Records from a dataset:
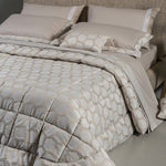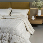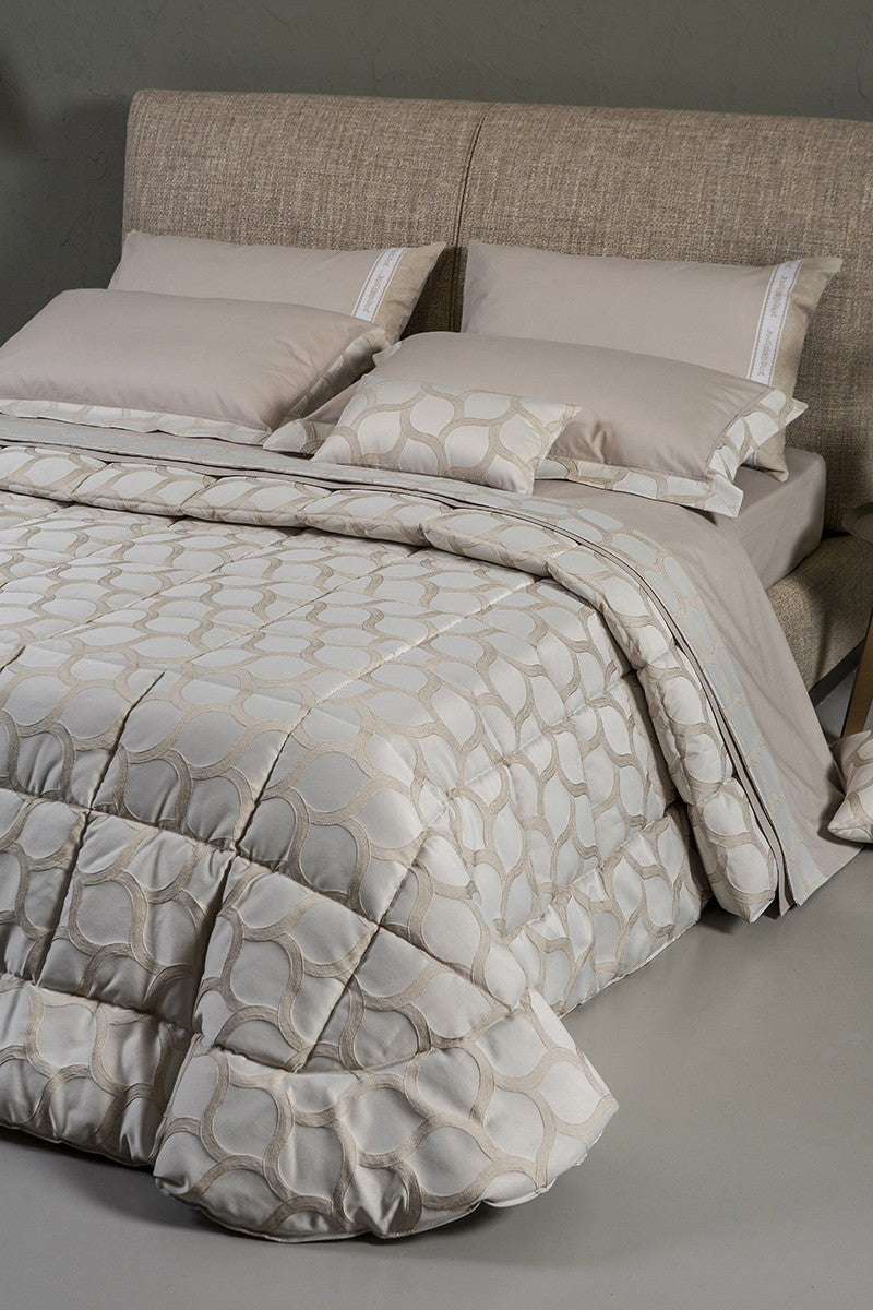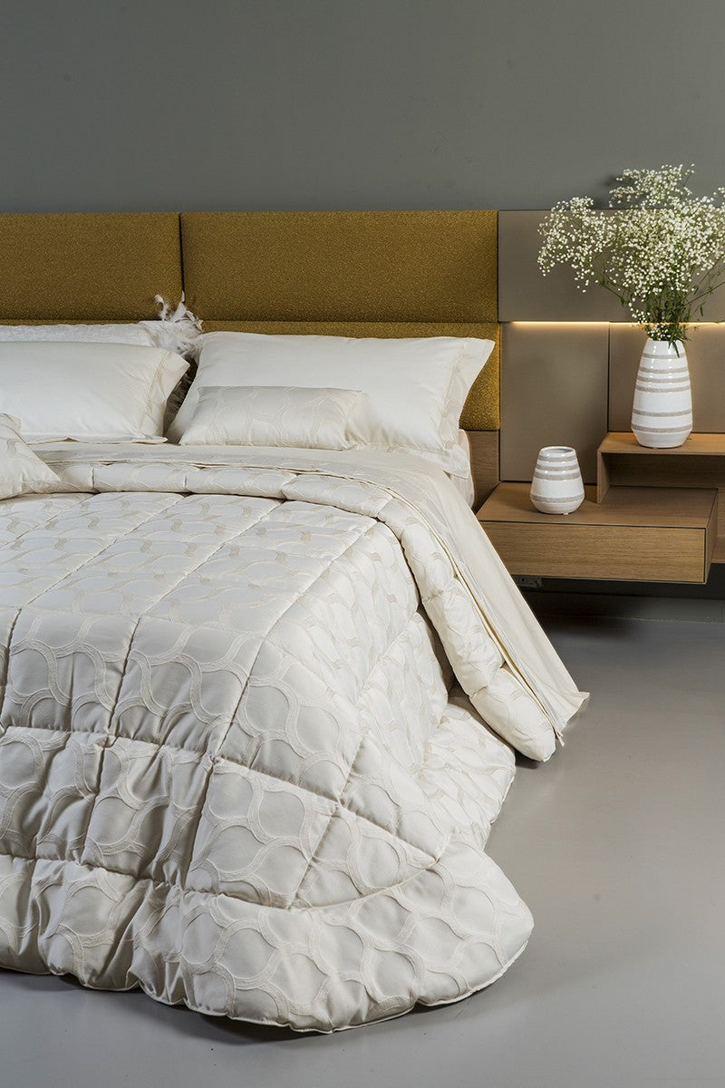 Trapunta in pregiato tessuto jacquard con disegno esclusivo a rilievo. Realizzata artigianalmente e 100% Made in Italy
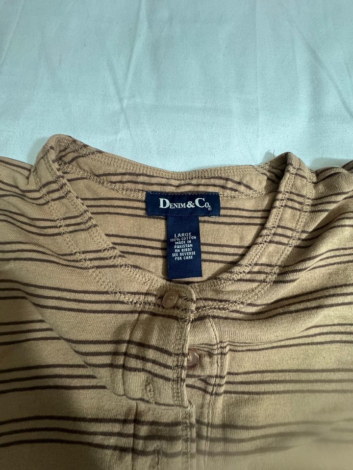 Denim & Co Women’s Brown Stripes 3/4 Sleeve Cotton Blouse Shirt Top Size Large added to cart.
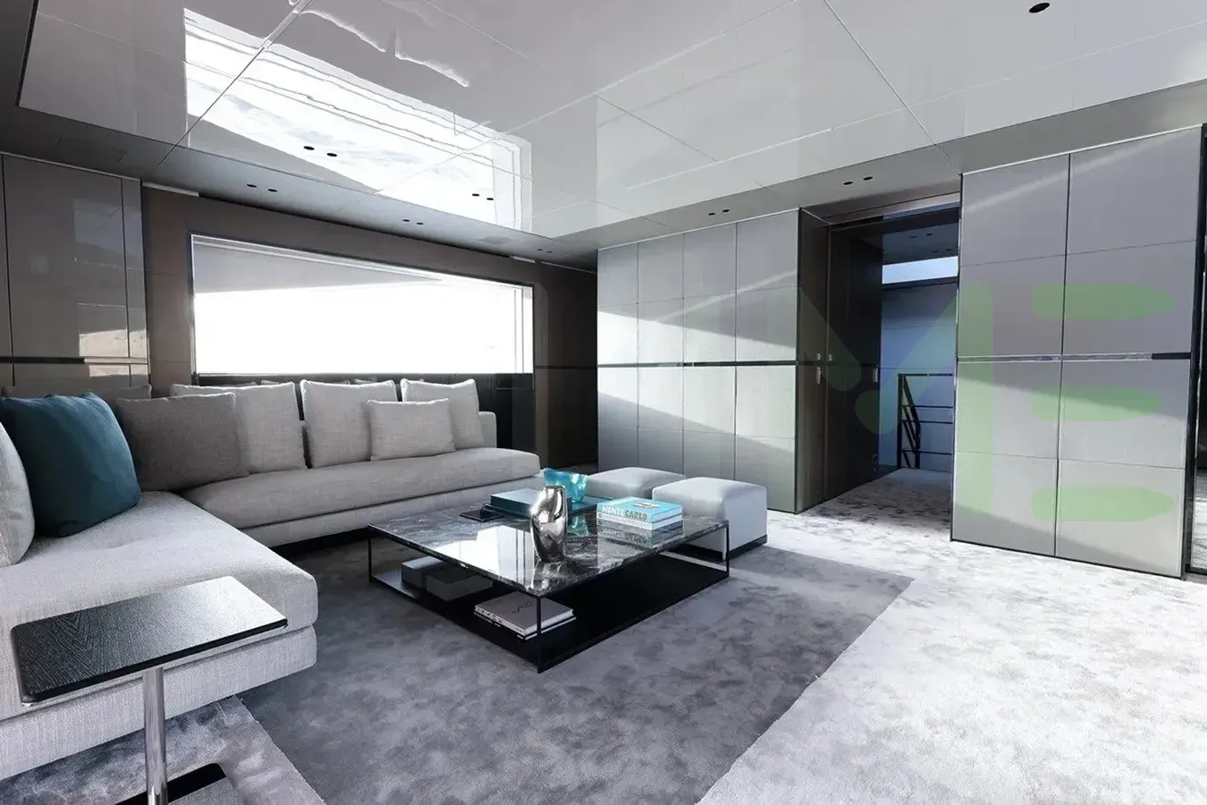 With a gross tonnage of 498, the NO STRESS yacht for charter provides ample interior space for enjoyment. NO STRESS offers accommodations for up to 10 guests in 5 lavishly appointed staterooms. She can also carry up to 9 crew onboard, including the Captain, to ensure a relaxed luxury yacht charter experience. The interior design by Team for Design - Enrico Gobbi exudes a sense of luxury, seamlessly blending comfort with style.
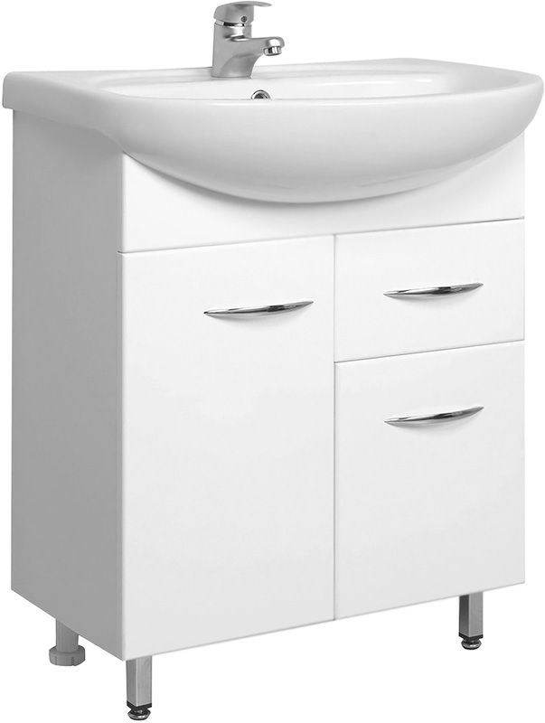Напольная тумба под раковину Onika Стелла 65 106503 с двумя распашными дверцами и с одним выдвижным ящиком. Надежная работа подвижных механизмов благодаря тщательно подобранной качественной фурнитуре. Мебель сертифицирована в соответствии с требованиями Российского законодательства. Предназначена для использования в ванных комнатах с повышенной влажностью.
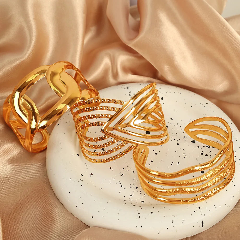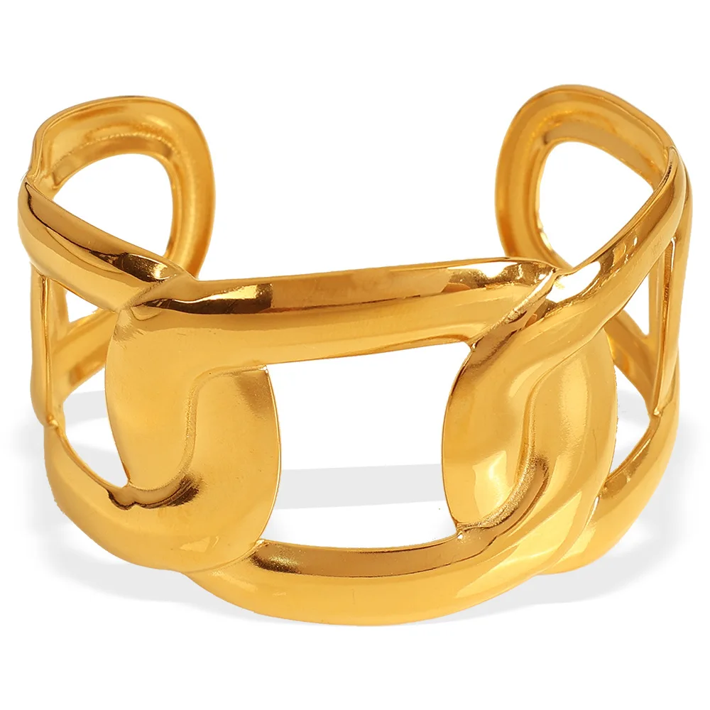 Fashion Design Trendy Hollow Cuff Bracelet Bangle 18k Gold Plated PVD Waterproof Stainless Steel for Women Engagement Jewelry
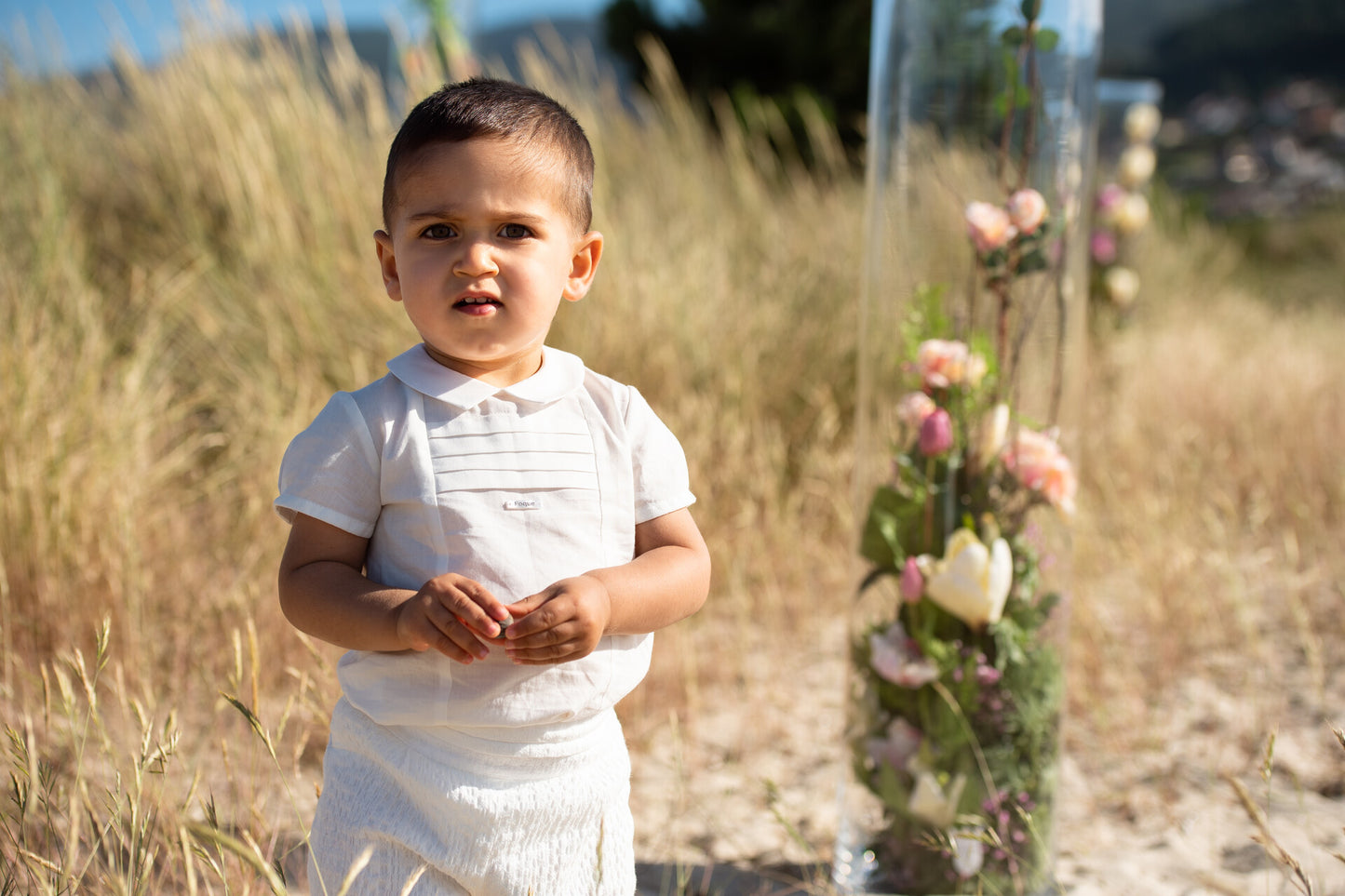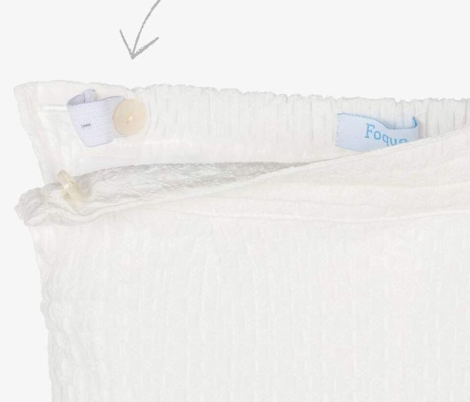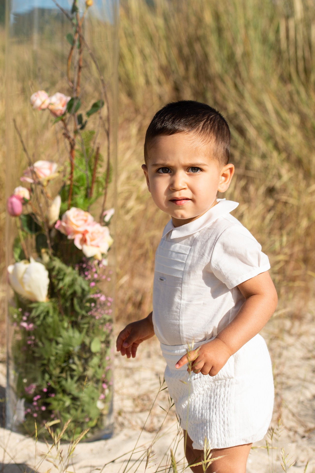 A traditional-style pearl cotton shorts and shirt set for boys from the Spanish brand Foque. The short-sleeved shirt features an elegant collar and pleats on the front. It fastens with buttons in the back. The shorts feature a beautiful printed fabric with pleats at the front waist. Fully lined, it closes with buttons on the sides and has an adjustable waistband for a comfortable fit.
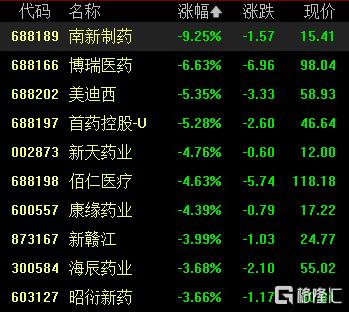 創新藥概念股連續第三日集體回調,南新制藥跌超9%,博瑞醫藥跌超6%,美迪西、首藥控股跌超5%。
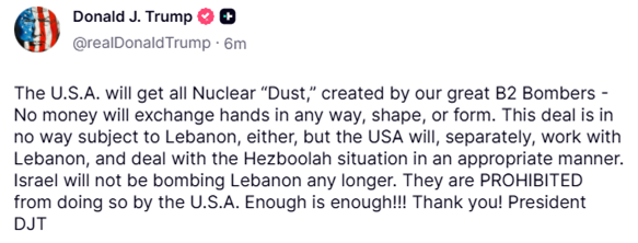 “SHBA-të do të marrin të gjithë “Pluhurin” Bërthamor të krijuar nga bombarduesit tanë të mëdhenj B2. Asnjë para nuk do të shkëmbehet në asnjë mënyrë, formë apo formë. Kjo marrëveshje nuk i nënshtrohet në asnjë mënyrë Libanit, por SHBA-të, veçmas, do të punojnë me Libanin dhe do të merren me situatën e Hezbollahut në një mënyrë të përshtatshme. Izraeli nuk do ta bombardojë më Libanin. Atyre u ndalohet ta bëjnë këtë nga SHBA-të. Mjaft më!!! Faleminderit! President DJT”, shktuan Trump në Truth Social./abcnews.al
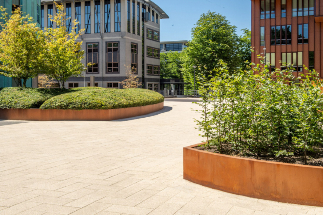 De ontsluiting en toegankelijkheid van het terrein wordt behouden, maar binnen het raamwerk wordt het straatbeeld vergroend en worden er verblijfsruimtes gecreëerd. Studio REDD is gevraagd om de plannen voor de groene buitenruimte nader uit te werken en gereed te maken voor realisatie. Zij kozen voor de Palladio steen uit het Metten programma omdat de warmgrijze kleurschakering van de steen een referentie is naar de omliggende zand- en heidelandschappen. Deze zorgt - samen met de vergroening - voor een verblijfskwaliteit verhoging in het kantorencluster.
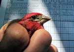 The BLAK station was the “winner” of Round 3 as 25 birds (20 new, 5 recaptures) were captured here during the visit. All five recaptures were of birds banded earlier in the 2011 season. We banded a nice variety of species, including another male Black-throated Blue Warbler, a Yellow-rumped Warbler and a Hermit Thrush. The highlight though was the male Purple Finch extracted from net 7 around mid-morning – another first for our MAPS program! This species does occur regularly at all three stations but are so strictly attached to the upper canopy that they will always be only rarely captured.

Problem details – Give the records above again in full and exactly, but exclude every picture.

Exercise output –
 Trapunta in pregiato tessuto jacquard con disegno esclusivo a rilievo. Realizzata artigianalmente e 100% Made in Italy
 Denim & Co Women’s Brown Stripes 3/4 Sleeve Cotton Blouse Shirt Top Size Large added to cart.
 With a gross tonnage of 498, the NO STRESS yacht for charter provides ample interior space for enjoyment. NO STRESS offers accommodations for up to 10 guests in 5 lavishly appointed staterooms. She can also carry up to 9 crew onboard, including the Captain, to ensure a relaxed luxury yacht charter experience. The interior design by Team for Design - Enrico Gobbi exudes a sense of luxury, seamlessly blending comfort with style.
Напольная тумба под раковину Onika Стелла 65 106503 с двумя распашными дверцами и с одним выдвижным ящиком. Надежная работа подвижных механизмов благодаря тщательно подобранной качественной фурнитуре. Мебель сертифицирована в соответствии с требованиями Российского законодательства. Предназначена для использования в ванных комнатах с повышенной влажностью.
 Fashion Design Trendy Hollow Cuff Bracelet Bangle 18k Gold Plated PVD Waterproof Stainless Steel for Women Engagement Jewelry
 A traditional-style pearl cotton shorts and shirt set for boys from the Spanish brand Foque. The short-sleeved shirt features an elegant collar and pleats on the front. It fastens with buttons in the back. The shorts feature a beautiful printed fabric with pleats at the front waist. Fully lined, it closes with buttons on the sides and has an adjustable waistband for a comfortable fit.
 創新藥概念股連續第三日集體回調,南新制藥跌超9%,博瑞醫藥跌超6%,美迪西、首藥控股跌超5%。
 “SHBA-të do të marrin të gjithë “Pluhurin” Bërthamor të krijuar nga bombarduesit tanë të mëdhenj B2. Asnjë para nuk do të shkëmbehet në asnjë mënyrë, formë apo formë. Kjo marrëveshje nuk i nënshtrohet në asnjë mënyrë Libanit, por SHBA-të, veçmas, do të punojnë me Libanin dhe do të merren me situatën e Hezbollahut në një mënyrë të përshtatshme. Izraeli nuk do ta bombardojë më Libanin. Atyre u ndalohet ta bëjnë këtë nga SHBA-të. Mjaft më!!! Faleminderit! President DJT”, shktuan Trump në Truth Social./abcnews.al
 De ontsluiting en toegankelijkheid van het terrein wordt behouden, maar binnen het raamwerk wordt het straatbeeld vergroend en worden er verblijfsruimtes gecreëerd. Studio REDD is gevraagd om de plannen voor de groene buitenruimte nader uit te werken en gereed te maken voor realisatie. Zij kozen voor de Palladio steen uit het Metten programma omdat de warmgrijze kleurschakering van de steen een referentie is naar de omliggende zand- en heidelandschappen. Deze zorgt - samen met de vergroening - voor een verblijfskwaliteit verhoging in het kantorencluster.
 The BLAK station was the “winner” of Round 3 as 25 birds (20 new, 5 recaptures) were captured here during the visit. All five recaptures were of birds banded earlier in the 2011 season. We banded a nice variety of species, including another male Black-throated Blue Warbler, a Yellow-rumped Warbler and a Hermit Thrush. The highlight though was the male Purple Finch extracted from net 7 around mid-morning – another first for our MAPS program! This species does occur regularly at all three stations but are so strictly attached to the upper canopy that they will always be only rarely captured.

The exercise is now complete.